Feature | Use hardcoded LCID mappings when decoding strings#4212
Conversation
|
/azp run |
|
Azure Pipelines successfully started running 2 pipeline(s). |
benrr101
left a comment
There was a problem hiding this comment.
In general, I like the idea. The only thing I would like changed is to give more labels to the magic values. Right now it looks like a book of mysterious numbers with no real explanation. They ultimately correspond with a locale of some kind, yeah? So it'd be nice to be able to see which values correspond to which locale.
|
Thanks @benrr101. Yes - it maps LCID (defined here) to code page IDs (except for LCIDs 0x827 and 0x2409, which don't appear in the specs or are marked as reserved, but still have an entry in the LCID table.) The corresponding mapping here references the MS-LCID spec, which I can do. Many of the code pages are named Do you just want the link to MS-LCID, or something more structural? Edit - I've just added the LCID descriptions, and I think it looks slightly clearer now. What do you think? |
|
/azp run |
|
Azure Pipelines successfully started running 2 pipeline(s). |
There was a problem hiding this comment.
Pull request overview
This PR updates collation/LCID-to-codepage resolution in TdsParser to use hardcoded mappings (aligned with other SQL Server drivers) instead of relying on CultureInfo.GetCultureInfo, helping move toward compatibility with globalization invariant mode.
Changes:
- Replaced
TdsParser.GetCodePagelogic with a call toLocalesHelper.TryGetCodePage(...). - Introduced
LocalesHelpercontaining hardcoded LCID→codepage and sortId→codepage mapping tables. - Removed the legacy
TdsEnums.CODE_PAGE_FROM_SORT_IDtable.
Reviewed changes
Copilot reviewed 3 out of 3 changed files in this pull request and generated 5 comments.
| File | Description |
|---|---|
| src/Microsoft.Data.SqlClient/src/Microsoft/Data/SqlClient/TdsParser.cs | Switches codepage resolution to use the new hardcoded mapping helper. |
| src/Microsoft.Data.SqlClient/src/Microsoft/Data/SqlClient/TdsEnums.cs | Removes the old sort-id→codepage mapping table. |
| src/Microsoft.Data.SqlClient/src/Microsoft/Data/SqlClient/LocalesHelper.cs | Adds hardcoded LCID/sortId mapping tables and lookup logic. |
Codecov Report❌ Patch coverage is
Additional details and impacted files@@ Coverage Diff @@
## main #4212 +/- ##
==========================================
- Coverage 65.96% 64.10% -1.87%
==========================================
Files 275 272 -3
Lines 42993 65961 +22968
==========================================
+ Hits 28361 42285 +13924
- Misses 14632 23676 +9044
Flags with carried forward coverage won't be shown. Click here to find out more. ☔ View full report in Codecov by Sentry. 🚀 New features to boost your workflow:
|
|
/azp run |
|
Azure Pipelines successfully started running 2 pipeline(s). |
benrr101
left a comment
There was a problem hiding this comment.
Much better - I appreciate it! :D
Description
This builds on #4051 and #584 by changing the mapping from collations/sort IDs to code pages, replacing it with a static list of valid mappings rather than a call to
CultureInfo.GetCultureInfo.This is performance-neutral, but it also brings us closer to supporting globalization invariant mode.

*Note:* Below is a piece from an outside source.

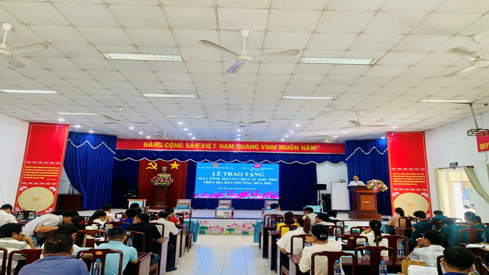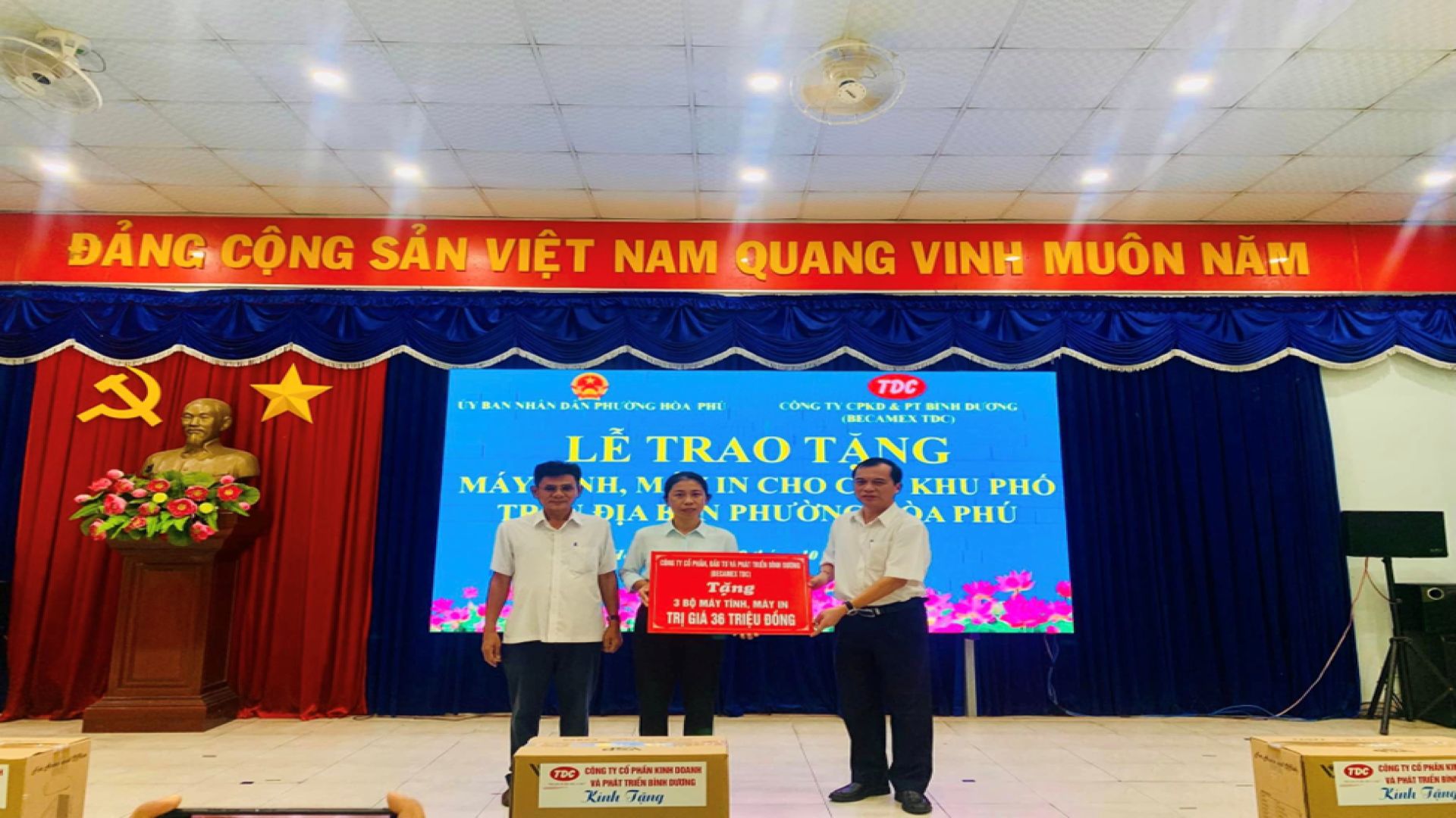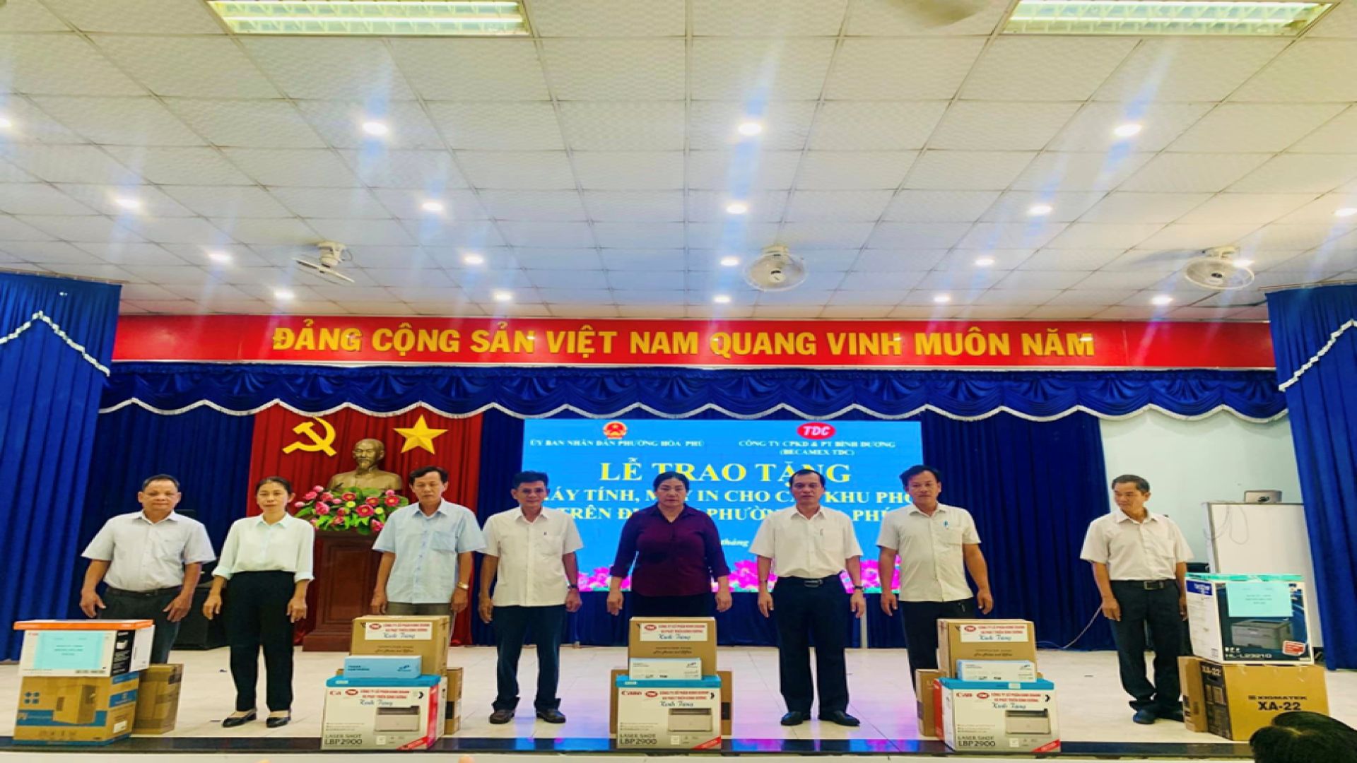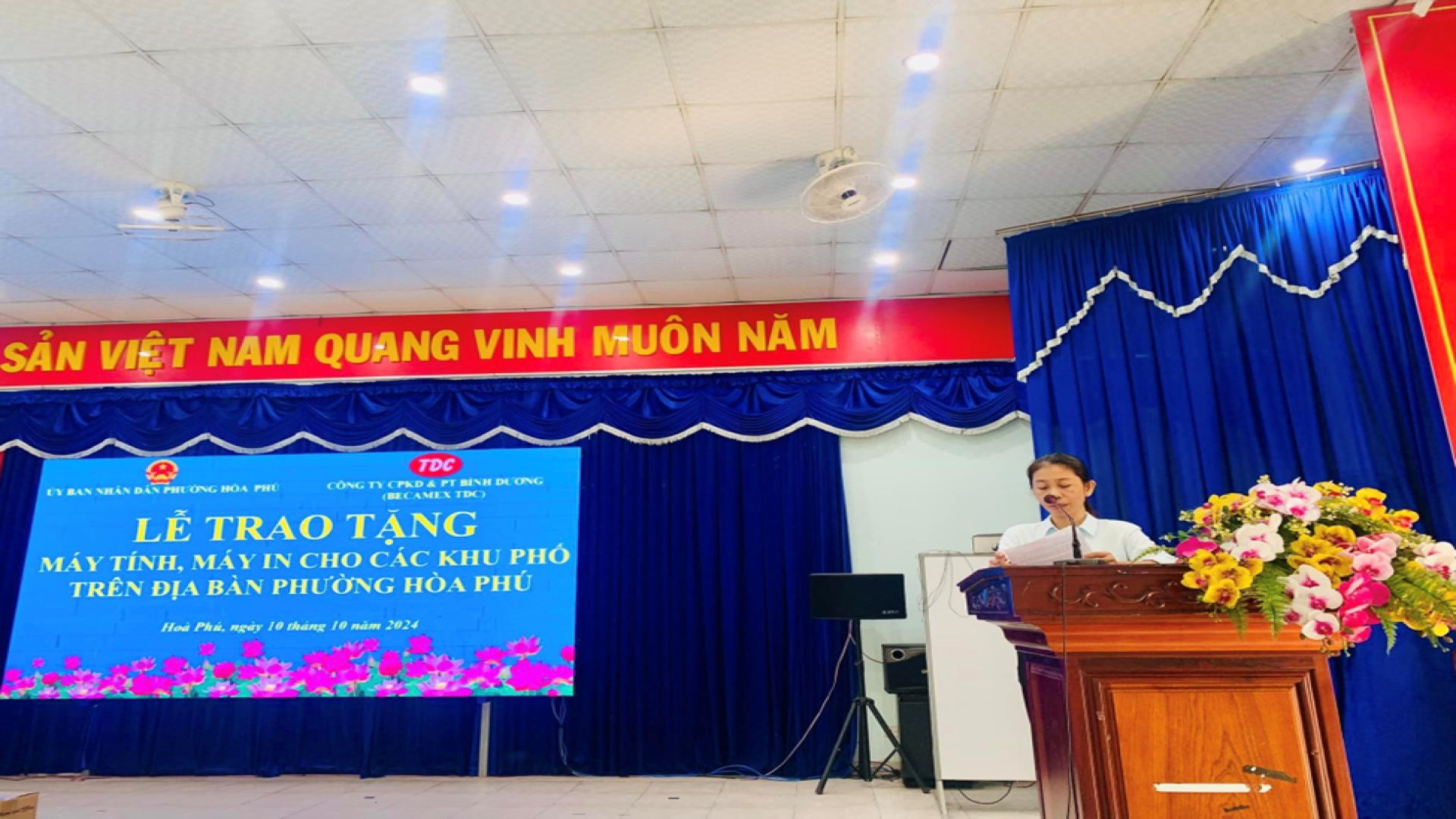 Sáng ngày 10/10/2024, phường Hòa Phú tổ chức trao tặng thiết bị máy tính, máy in cho 05 khu phố. Về phía địa phương có đồng chí Nguyễn Văn Đức – Phó Bí thư TT Đảng ủy phường; Đồng chí Nguyễn Phan Quỳnh Như - Phó Bí thư Đảng ủy, Chủ tịch UBND phường. Ông Hồ Hoàn Thành – Phó TGĐ Công ty CPKH & PT Bình Dương (Becamex IDC) nhà trài trợ; cùng Trưởng phó Ban điều hành 05 khu phố;

I've simply lifted the full set of mappings from the JDBC driver (here) and confirmed that the existing collation transcoding tests continue to pass on the newest SQL 2025 CU and on a SQL Azure instance.
Issues
Tested by #4051.
Addresses a backlog item listed in #584.
Contributes to #3742.
Testing
Manual testing against an on-prem SQL2025 instance and against a SQL Azure instance passes.